- _DATA BELOW_
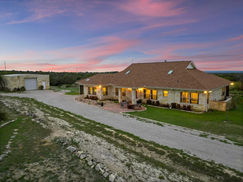 Gorgeous 2,857 square foot home on 7.23 acres with incredible views of the Texas Hill Country. This home offers convenient, single-story living with 3 beds, 2.5 baths, an office, formal dining, a breakfast nook, and a 30x40 foot detached workshop with 9 foot roll up door, as well as additional covered parking attached to the house. The primary suite boast beautiful views from a private screened in porch, as well as a large walk in closet with custom built ins galore. Enjoy a piece of country living in an equestrian friendly, gated-community that offers an abundance of privacy. Conveniently located 15 minutes from Johnson City wineries and 15 minutes from historic, Marble Falls. Being just outside the 281/71 growth corridor, makes this the perfect time to buy this property, as convenient shopping develops nearby.
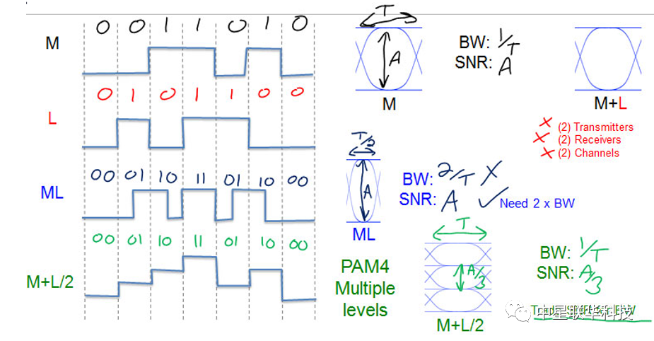 由于龐大的數(shù)據(jù)量導(dǎo)致鏈路容限接近飽和,數(shù)據(jù)中心和承載網(wǎng)絡(luò)都具有超低時延的要求,這導(dǎo)致丟失數(shù)據(jù)無法再次重新傳遞,為了節(jié)省成本采用多電平傳輸?shù)姆绞健? Pulse Amplitude Modulation(簡稱PAM4)作為新出現(xiàn)的高速串行總線編碼模式,在幾乎所有的超過200G、400G的標(biāo)準(zhǔn)中都存在。由于在同等速率的情況下帶寬的要求是NRZ的一半,對于絕大多數(shù)的高速電纜,背板以及連接器而言,通過PAM4可以在速率增倍的情況下具備同樣的奈奎斯特頻率。
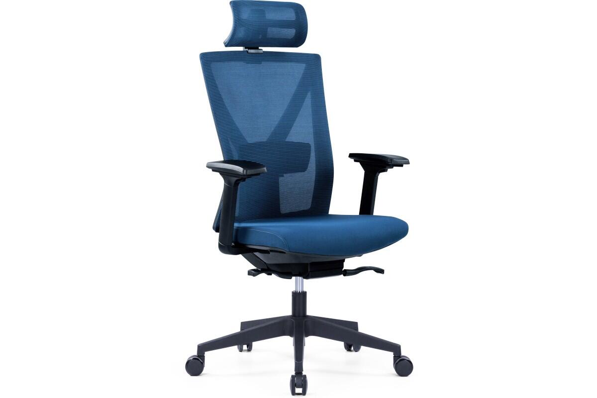 Židle kancelářská Nyon, hlavová opěrka, výškově stavitelný opěrák, bederní opěrka, područky, tmavě modrá
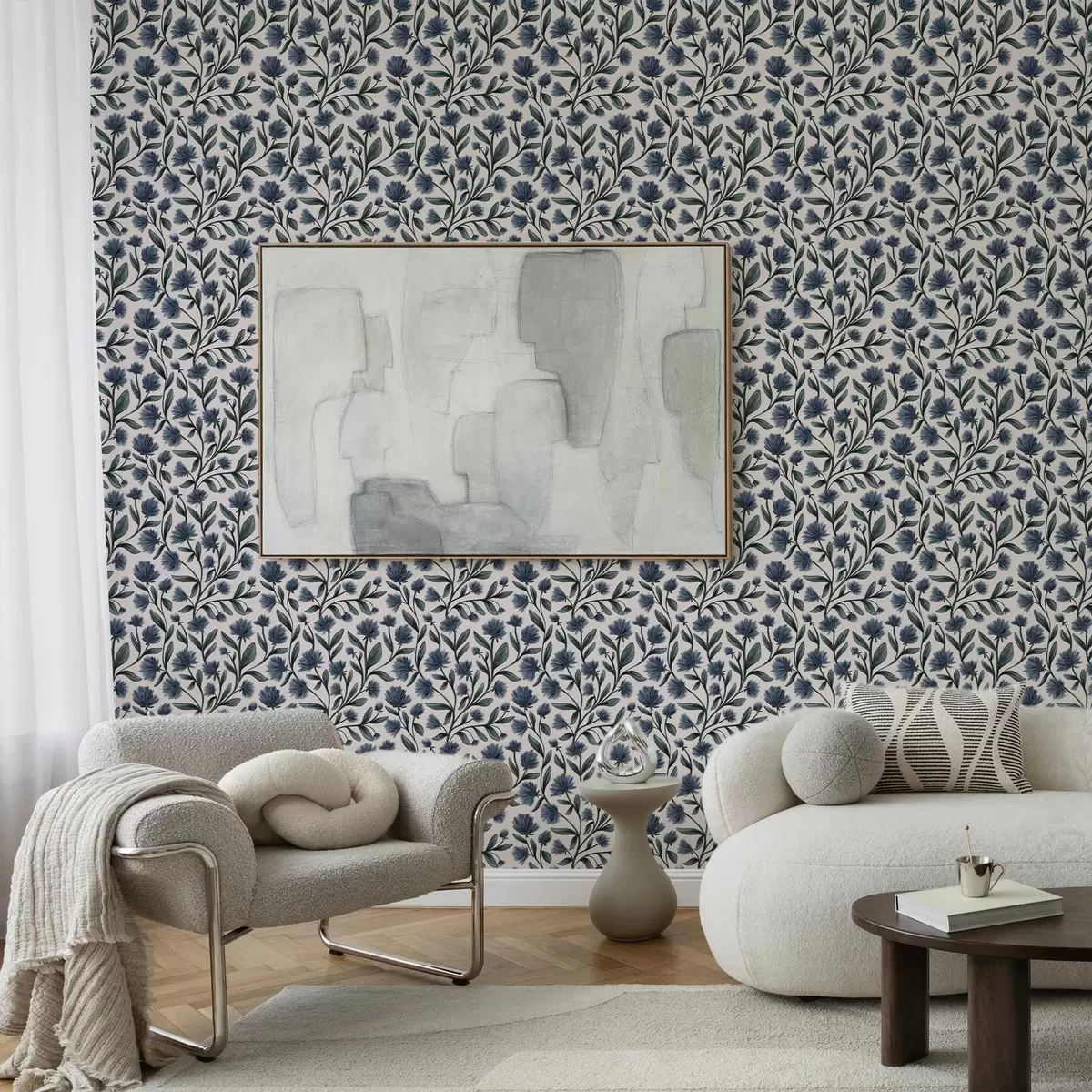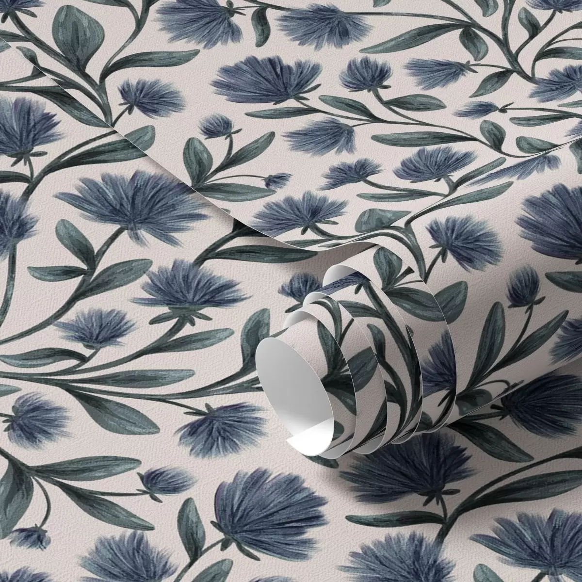 Baggrunde Vilde blomster i en blågrøn palet på en cremefarvet baggrund Nr. a00623v2

- _EXERCISE DESCRIPTION_
Repeat, exactly and in full, all the material above except its pictures.

- _SOLUTION_
 Gorgeous 2,857 square foot home on 7.23 acres with incredible views of the Texas Hill Country. This home offers convenient, single-story living with 3 beds, 2.5 baths, an office, formal dining, a breakfast nook, and a 30x40 foot detached workshop with 9 foot roll up door, as well as additional covered parking attached to the house. The primary suite boast beautiful views from a private screened in porch, as well as a large walk in closet with custom built ins galore. Enjoy a piece of country living in an equestrian friendly, gated-community that offers an abundance of privacy. Conveniently located 15 minutes from Johnson City wineries and 15 minutes from historic, Marble Falls. Being just outside the 281/71 growth corridor, makes this the perfect time to buy this property, as convenient shopping develops nearby.
 由于龐大的數(shù)據(jù)量導(dǎo)致鏈路容限接近飽和,數(shù)據(jù)中心和承載網(wǎng)絡(luò)都具有超低時延的要求,這導(dǎo)致丟失數(shù)據(jù)無法再次重新傳遞,為了節(jié)省成本采用多電平傳輸?shù)姆绞健? Pulse Amplitude Modulation(簡稱PAM4)作為新出現(xiàn)的高速串行總線編碼模式,在幾乎所有的超過200G、400G的標(biāo)準(zhǔn)中都存在。由于在同等速率的情況下帶寬的要求是NRZ的一半,對于絕大多數(shù)的高速電纜,背板以及連接器而言,通過PAM4可以在速率增倍的情況下具備同樣的奈奎斯特頻率。
 Židle kancelářská Nyon, hlavová opěrka, výškově stavitelný opěrák, bederní opěrka, područky, tmavě modrá
 Baggrunde Vilde blomster i en blågrøn palet på en cremefarvet baggrund Nr. a00623v2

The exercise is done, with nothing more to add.